Finch, Sykes and Hansey will travel with six other Grady College students and professors Vicki Michaelis, the John Huland Carmical Chair in Sports Journalism & Society, and Mark Johnson, senior lecturer in journalism, to cover the Paralympics September 4-13.
“Having the opportunity to go to the trials and experience it and start to see how major events like this work was invaluable,” said Johnson, who helped coordinate the trip to Charlotte. “This was an opportunity for some of them to get a little taste of it and sort of ramp up to it and practice a little bit.”
The students all agreed that the biggest benefit of their trip to cover the trials was starting to establish relationships with some of the athletes that hopefully will continue to grow in Rio de Janeiro.
“The biggest surprise to me was how the athletes were very accessible,” said Hansey. “They were all extremely friendly. Covering the Paralympic trials gave me the advantage of introducing myself in advance to some of the athletes and coaches we will most likely write about. Hopefully this will work to my advantage in Rio when I need to talk to them for a story. The trials also helped me figure out how to ask the important questions in a limited amount of time.”
Finch agreed. “I am really excited to see the athletes that I covered in Charlotte who are continuing on to Rio. It’s awesome to be able to document so much of their journeys.”
Getting to know the stories of the athletes is especially important in covering the Paralympics.

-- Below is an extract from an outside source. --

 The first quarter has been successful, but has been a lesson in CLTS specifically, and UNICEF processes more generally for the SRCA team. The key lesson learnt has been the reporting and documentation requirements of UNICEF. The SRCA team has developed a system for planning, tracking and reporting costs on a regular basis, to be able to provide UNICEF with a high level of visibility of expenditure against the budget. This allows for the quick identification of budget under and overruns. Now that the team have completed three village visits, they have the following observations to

“There’s not as much a demand for the who won, who lost, play-by-play type stories on the Paralympics,” Johnson explained in comparison to the Olympics. “It’s much more about the characters and the personalities and the technology that’s involved. So the students will be focusing much more on the individual athletes as opposed to their athletic performances and looking at the deeper stories.”

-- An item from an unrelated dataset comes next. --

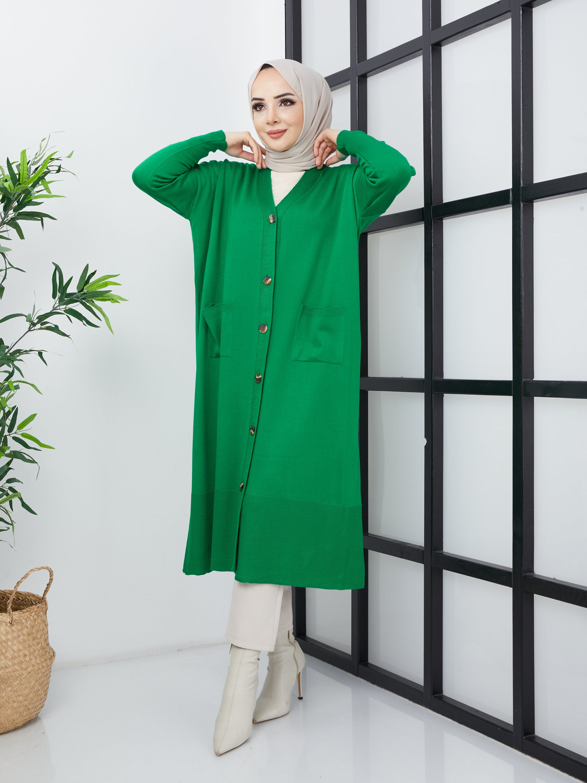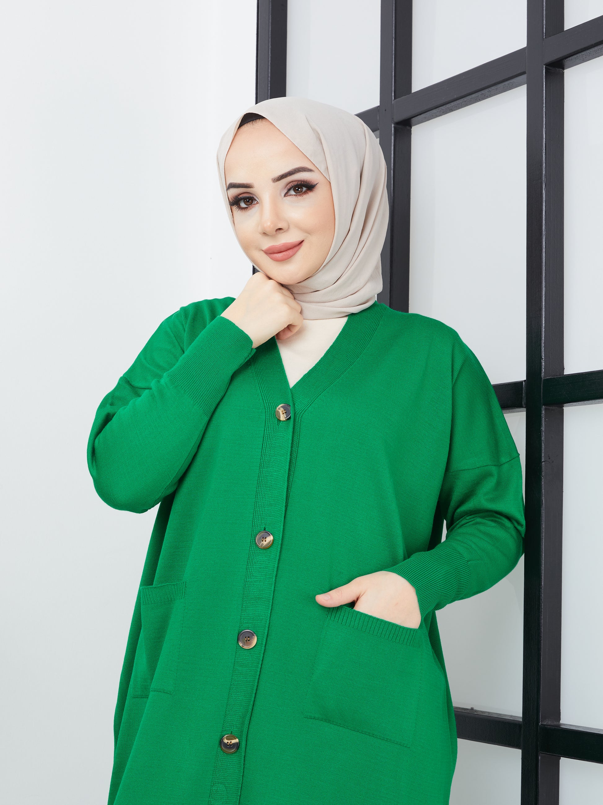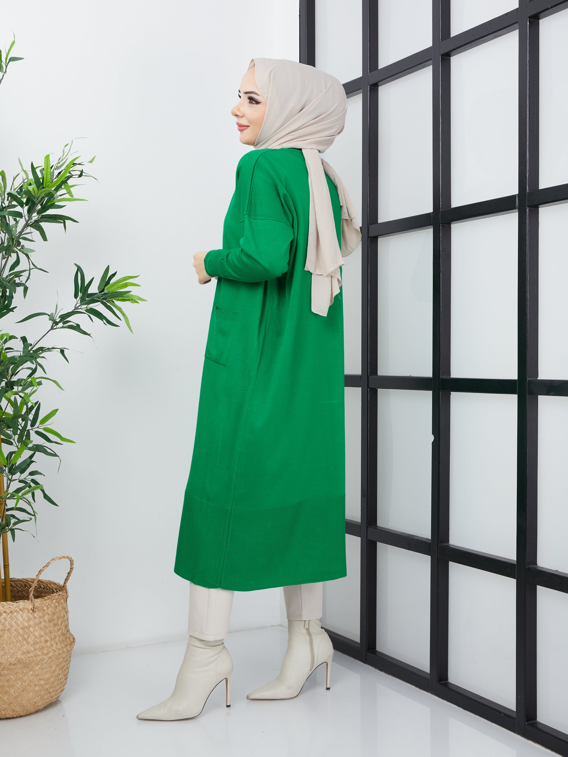 Cepli Uzun Tesettür Triko Hırka - Yeşil

The other advantage of sending the students to Charlotte was that it gave the Associated Press an opportunity to see what the kids are capable of producing. The students will be supplying stories and photographs to the Association Press during the Paralympics for potential distribution through its outlets.
“The fact that the Washington Post ended up picking up a byline story and multiple photos from theses students says an awful lot,” Johnson said of the trial run.
Several media outlets distributed their work including photography by Sykes in the Washington Post, a feature by Hansey in the Washington Post and a picture by Finch along with a feature by Hansey in the United Kingdom’s Daily Mail.
“I'm sure I sound like a rookie, but when I realized that my photo was on USA Today and that so many people were going to see this story and read about the Paralympics, that felt pretty awesome,” said Finch about the rewards of the Charlotte trip.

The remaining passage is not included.